### About this exercise
Go to the line holding "2025 жылдың 18-19" in the data below and repeat it exactly, then each line after it up to and including the one holding "- Three cheers". Omit pictures.

Supplied data START

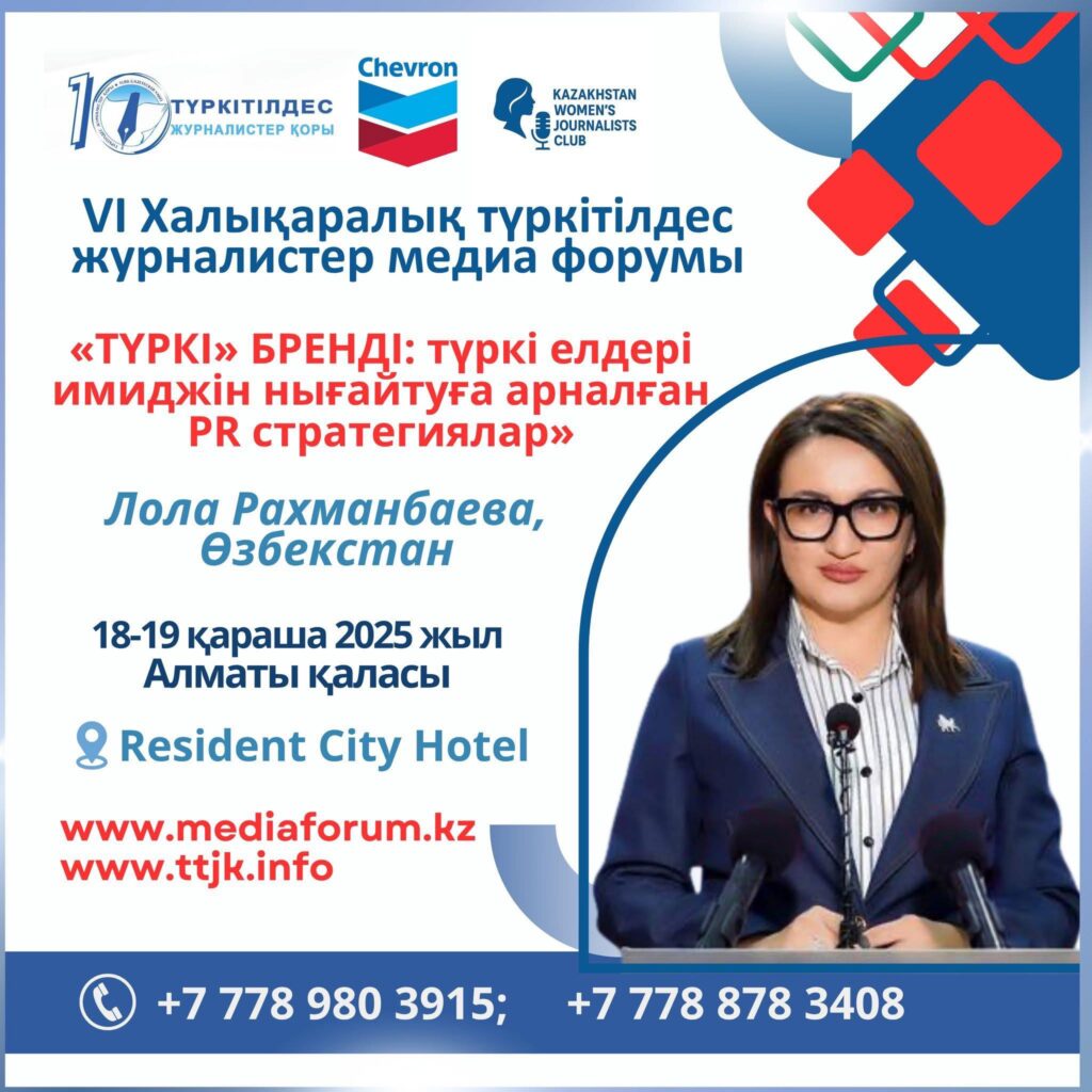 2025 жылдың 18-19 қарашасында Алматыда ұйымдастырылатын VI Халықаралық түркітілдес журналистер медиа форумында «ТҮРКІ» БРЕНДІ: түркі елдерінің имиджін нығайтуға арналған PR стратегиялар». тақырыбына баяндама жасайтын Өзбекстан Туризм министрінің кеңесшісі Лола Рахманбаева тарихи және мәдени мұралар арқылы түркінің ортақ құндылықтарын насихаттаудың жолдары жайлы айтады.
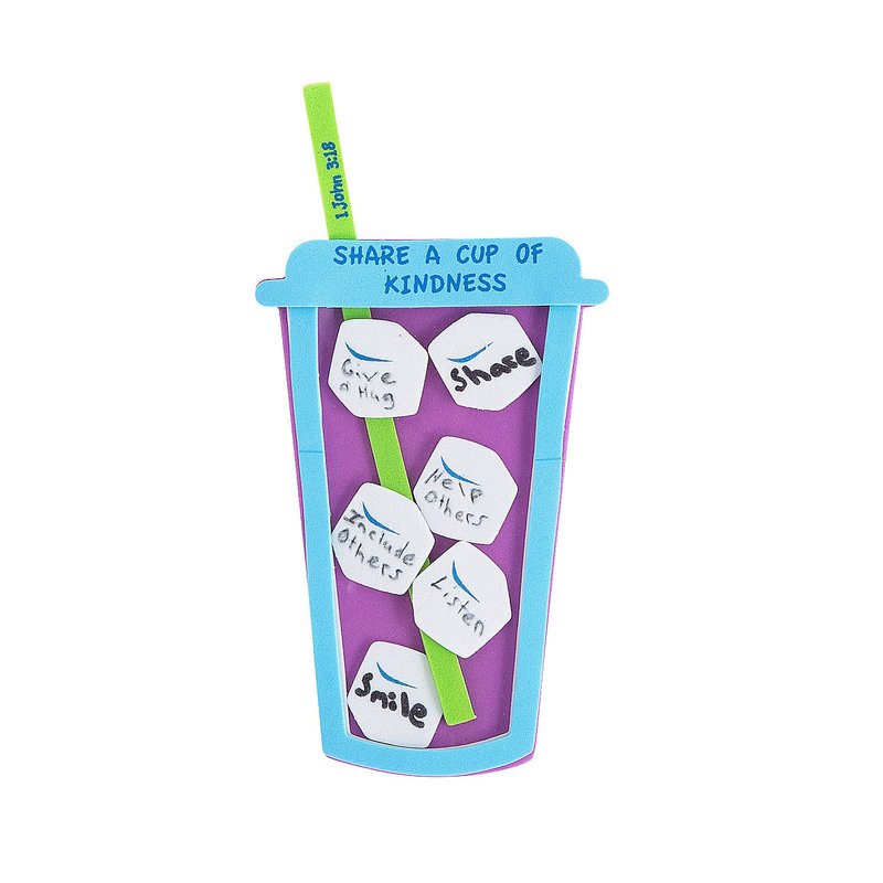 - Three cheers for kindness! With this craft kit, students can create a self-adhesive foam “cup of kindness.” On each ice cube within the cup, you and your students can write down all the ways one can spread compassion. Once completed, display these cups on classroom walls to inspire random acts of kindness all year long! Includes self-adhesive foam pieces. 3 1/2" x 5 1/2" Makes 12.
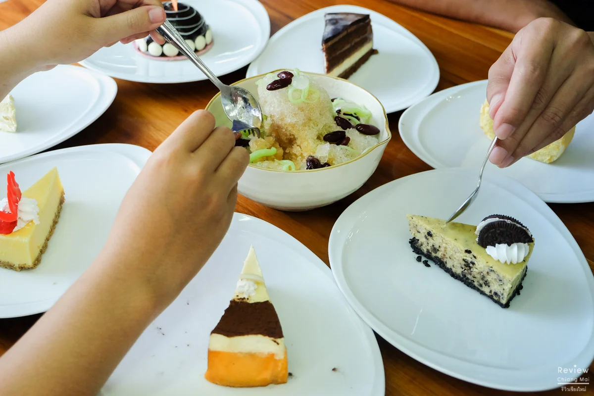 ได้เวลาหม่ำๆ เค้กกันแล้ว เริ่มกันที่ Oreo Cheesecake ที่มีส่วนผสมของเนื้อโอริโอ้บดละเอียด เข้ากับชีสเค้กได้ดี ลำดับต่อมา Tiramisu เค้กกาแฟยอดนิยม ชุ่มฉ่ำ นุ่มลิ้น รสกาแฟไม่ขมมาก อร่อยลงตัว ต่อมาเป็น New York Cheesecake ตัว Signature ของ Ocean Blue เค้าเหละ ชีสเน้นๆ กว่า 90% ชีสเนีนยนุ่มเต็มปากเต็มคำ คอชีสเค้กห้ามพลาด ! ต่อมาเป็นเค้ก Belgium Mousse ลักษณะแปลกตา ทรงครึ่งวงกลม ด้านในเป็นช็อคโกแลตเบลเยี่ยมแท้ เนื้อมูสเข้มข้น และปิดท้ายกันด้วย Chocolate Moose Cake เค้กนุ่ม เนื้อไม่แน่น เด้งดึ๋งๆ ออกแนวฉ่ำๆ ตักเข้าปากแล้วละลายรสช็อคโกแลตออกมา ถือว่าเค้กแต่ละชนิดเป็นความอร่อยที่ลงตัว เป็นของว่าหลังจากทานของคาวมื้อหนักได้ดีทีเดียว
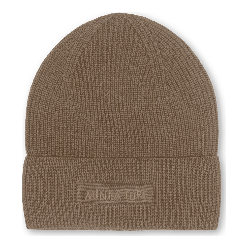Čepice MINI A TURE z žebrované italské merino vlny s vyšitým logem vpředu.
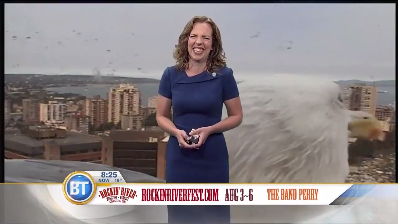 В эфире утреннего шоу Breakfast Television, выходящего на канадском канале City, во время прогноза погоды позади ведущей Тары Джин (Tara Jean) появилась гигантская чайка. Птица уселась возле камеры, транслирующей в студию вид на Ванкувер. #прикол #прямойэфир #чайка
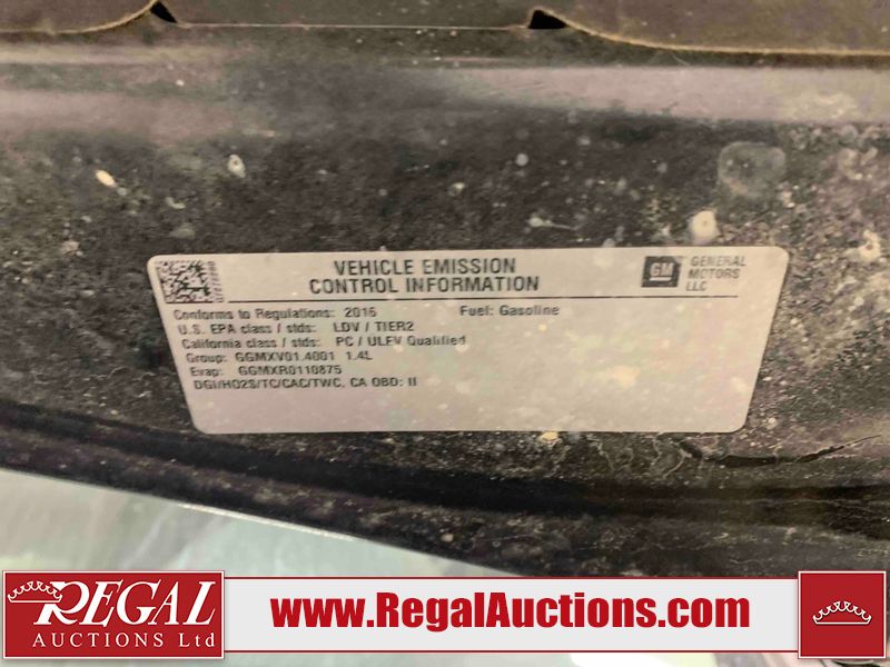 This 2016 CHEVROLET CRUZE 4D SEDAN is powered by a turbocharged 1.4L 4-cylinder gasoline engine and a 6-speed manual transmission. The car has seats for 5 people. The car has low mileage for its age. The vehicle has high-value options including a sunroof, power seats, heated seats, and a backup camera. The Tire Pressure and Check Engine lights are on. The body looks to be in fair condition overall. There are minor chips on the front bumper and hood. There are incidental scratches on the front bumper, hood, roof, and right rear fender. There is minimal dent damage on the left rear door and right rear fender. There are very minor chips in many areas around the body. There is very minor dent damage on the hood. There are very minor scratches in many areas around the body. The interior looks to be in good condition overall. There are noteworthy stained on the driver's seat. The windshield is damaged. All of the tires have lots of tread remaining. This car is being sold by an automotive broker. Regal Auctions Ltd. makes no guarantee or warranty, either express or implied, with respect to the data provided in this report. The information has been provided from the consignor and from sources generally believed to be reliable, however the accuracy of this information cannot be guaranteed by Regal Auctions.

Supplied data END
Supplied data START

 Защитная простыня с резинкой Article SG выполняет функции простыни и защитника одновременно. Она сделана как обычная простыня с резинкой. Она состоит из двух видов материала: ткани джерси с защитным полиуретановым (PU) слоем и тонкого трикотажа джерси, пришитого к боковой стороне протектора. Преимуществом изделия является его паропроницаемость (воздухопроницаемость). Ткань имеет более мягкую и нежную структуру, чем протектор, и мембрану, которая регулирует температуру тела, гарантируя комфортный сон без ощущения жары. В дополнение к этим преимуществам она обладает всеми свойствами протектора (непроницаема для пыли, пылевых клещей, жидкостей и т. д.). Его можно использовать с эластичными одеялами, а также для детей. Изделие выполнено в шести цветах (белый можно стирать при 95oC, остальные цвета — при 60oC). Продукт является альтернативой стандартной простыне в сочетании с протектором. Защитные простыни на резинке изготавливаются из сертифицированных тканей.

Supplied data END

### Result
 2025 жылдың 18-19 қарашасында Алматыда ұйымдастырылатын VI Халықаралық түркітілдес журналистер медиа форумында «ТҮРКІ» БРЕНДІ: түркі елдерінің имиджін нығайтуға арналған PR стратегиялар». тақырыбына баяндама жасайтын Өзбекстан Туризм министрінің кеңесшісі Лола Рахманбаева тарихи және мәдени мұралар арқылы түркінің ортақ құндылықтарын насихаттаудың жолдары жайлы айтады.
 - Three cheers for kindness! With this craft kit, students can create a self-adhesive foam “cup of kindness.” On each ice cube within the cup, you and your students can write down all the ways one can spread compassion. Once completed, display these cups on classroom walls to inspire random acts of kindness all year long! Includes self-adhesive foam pieces. 3 1/2" x 5 1/2" Makes 12.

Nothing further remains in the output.